DATA_FS      = 30_000.0;  MRK_FS = 512.0
TOLERANCE_MS =       50
CTX_MS       =       800          # ± ms context for plots

SHOW_PLOTS   = True
MAX_PLOTS    = 4                  # per patient
PRINT_EVENTS = True
MAX_EVENT_PRINT = 6

RESULTS_DIR = Path("results"); RESULTS_DIR.mkdir(exist_ok=True)
OUT_CSV     = RESULTS_DIR / "grid_metrics_mt.csv"

# Thread-safe CSV writer
csv_lock = threading.Lock()
plot_queue = Queue()  # Queue for deferred plotting (matplotlib isn't thread-safe)

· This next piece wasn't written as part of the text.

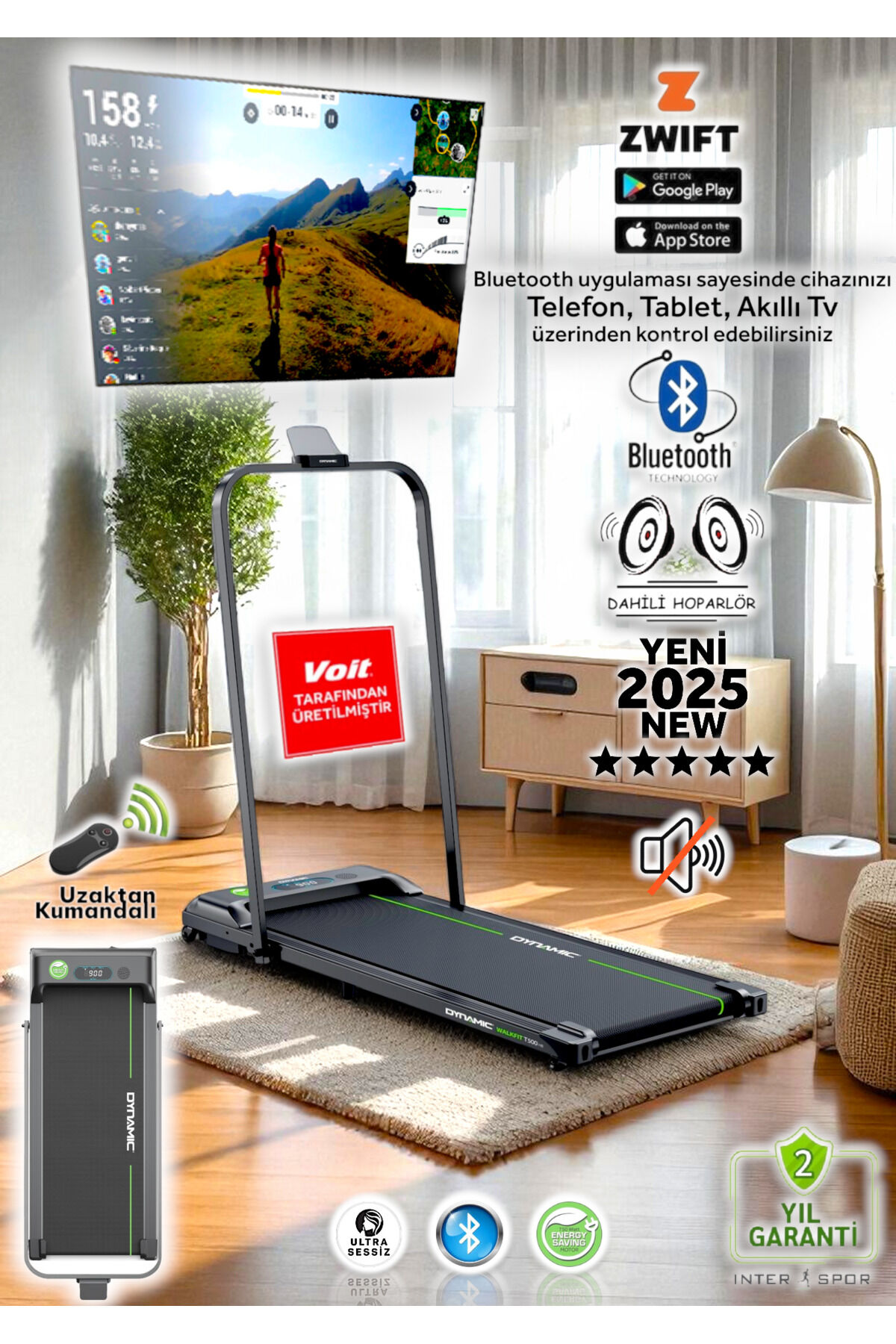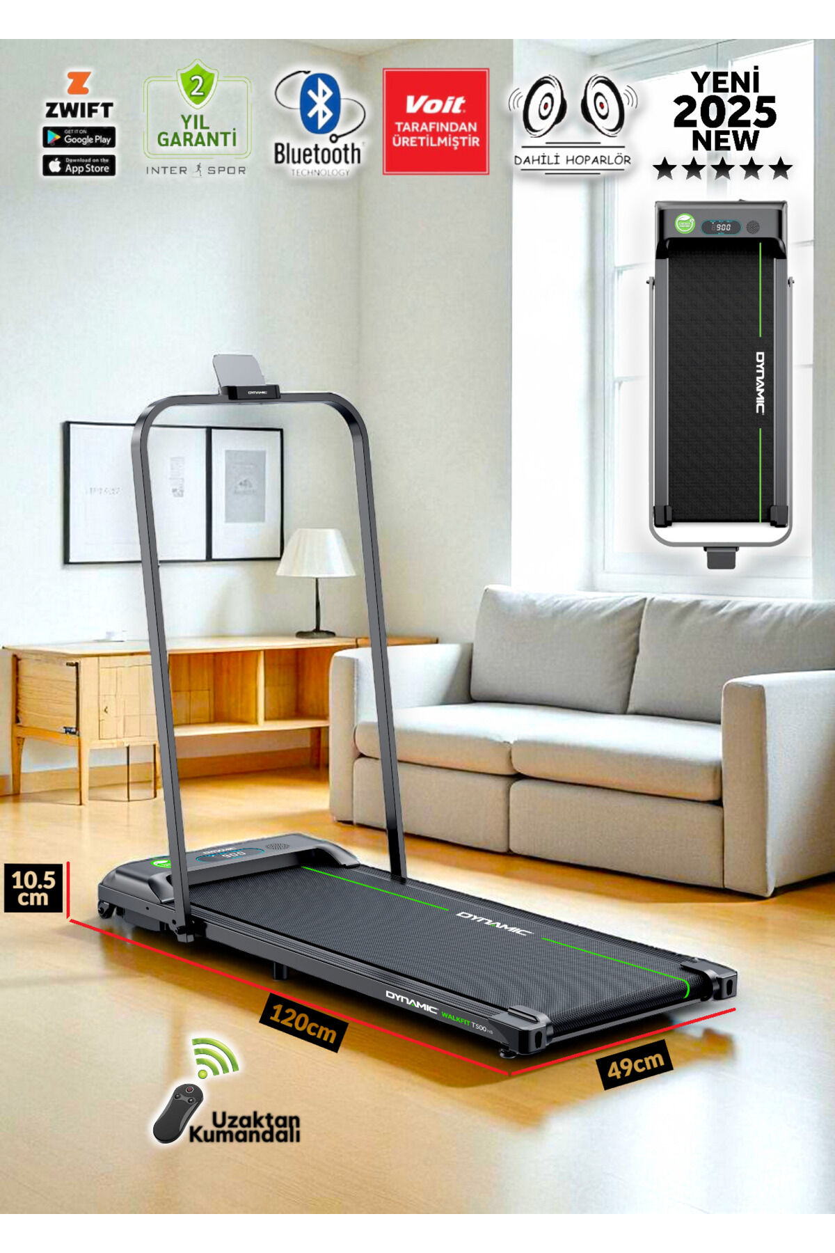 Dynamic Walkfitpad T500 Bluetooth'lu Hoparlörlü Enerji Tasarruflu Uzaktan Kumandalı Koşu Bandı

# ─────────────────────—— data helpers ──────────────────────────────────────
def _parse_mrk(p: Path):
    with p.open() as f:
        next(f)
        return np.asarray([int(l.split()[0]) for l in f if l.split()], int)

def _mrk512_to_30k(idx): return (idx * DATA_FS / MRK_FS).astype(int)

def load_patient(pid:int, frac:float)->Tuple[np.ndarray,Dict[int,int]]:
    sig = np.load(DATA_DIR/f"Patient{pid}EEG.npy")[0]
    sig = sig[: int(len(sig)*frac)]
    mrk = _parse_mrk(DATA_DIR/f"Patient{pid:02d}_OfflineMrk.mrk")
    gt  = dict(zip(_mrk512_to_30k(mrk), mrk))
    gt  = {k:v for k,v in gt.items() if k < len(sig)}   # drop markers > slice
    return sig, gt

# ─────────────────────—— plotting ──────────────────────────────────────────
def _plot(sig_raw: np.ndarray,
          center: int,
          gt_idx: np.ndarray,
          title: str,
          f_low: float = 0.25,         # pass in grid values if varied
          f_high: float = 4.0):
    """
    Show raw (grey) and band-pass-filtered (blue) signal ±CTX_MS around `center`.
    Skips plot if window has < 10 samples or is all-zero.
    """
    if center is None or center >= len(sig_raw):
        return
    ctx = int(CTX_MS / 1000 * DATA_FS)
    L, R = max(0, center - ctx), min(len(sig_raw), center + ctx)
    if R - L < 10 or np.allclose(sig_raw[L:R], 0, atol=1e-12):
        return

    # ── design Butterworth band-pass (2nd order each side) ──────────────────
    nyq = 0.5 * DATA_FS
    b, a = sig.butter(
        N=2,
        Wn=[f_low / nyq, f_high / nyq],
        btype="bandpass",
        analog=False,
    )
    filt = sig.filtfilt(b, a, sig_raw[L:R])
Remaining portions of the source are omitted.